Segment Start: Given information

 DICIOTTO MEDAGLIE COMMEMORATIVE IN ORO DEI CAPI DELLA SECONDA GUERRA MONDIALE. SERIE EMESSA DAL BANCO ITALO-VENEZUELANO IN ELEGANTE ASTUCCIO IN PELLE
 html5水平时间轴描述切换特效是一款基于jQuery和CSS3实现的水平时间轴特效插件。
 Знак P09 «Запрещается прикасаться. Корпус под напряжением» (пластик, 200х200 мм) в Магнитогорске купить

Segment End: Given information
Segment Start: Given information

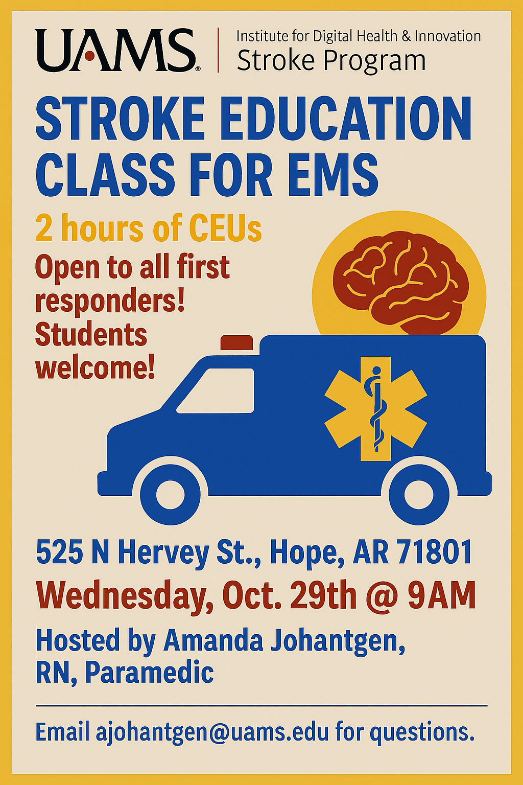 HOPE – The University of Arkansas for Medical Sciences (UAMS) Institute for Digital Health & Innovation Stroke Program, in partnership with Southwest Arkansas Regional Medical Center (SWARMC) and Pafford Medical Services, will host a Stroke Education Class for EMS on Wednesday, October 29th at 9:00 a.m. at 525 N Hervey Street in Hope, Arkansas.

Segment End: Given information
Segment Start: Given information

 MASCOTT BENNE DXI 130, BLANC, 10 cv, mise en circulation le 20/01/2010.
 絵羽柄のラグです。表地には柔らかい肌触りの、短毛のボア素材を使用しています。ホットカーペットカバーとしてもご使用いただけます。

Segment End: Given information

__Instructions for the task__. For the listing above, print only the lines starting at the line containing "DICIOTTO MEDAGLIE COMMEMORATIVE" and ending at the line containing "в Магнитогорске купить", exactly, both included.

__Task result__.
 DICIOTTO MEDAGLIE COMMEMORATIVE IN ORO DEI CAPI DELLA SECONDA GUERRA MONDIALE. SERIE EMESSA DAL BANCO ITALO-VENEZUELANO IN ELEGANTE ASTUCCIO IN PELLE
 html5水平时间轴描述切换特效是一款基于jQuery和CSS3实现的水平时间轴特效插件。
 Знак P09 «Запрещается прикасаться. Корпус под напряжением» (пластик, 200х200 мм) в Магнитогорске купить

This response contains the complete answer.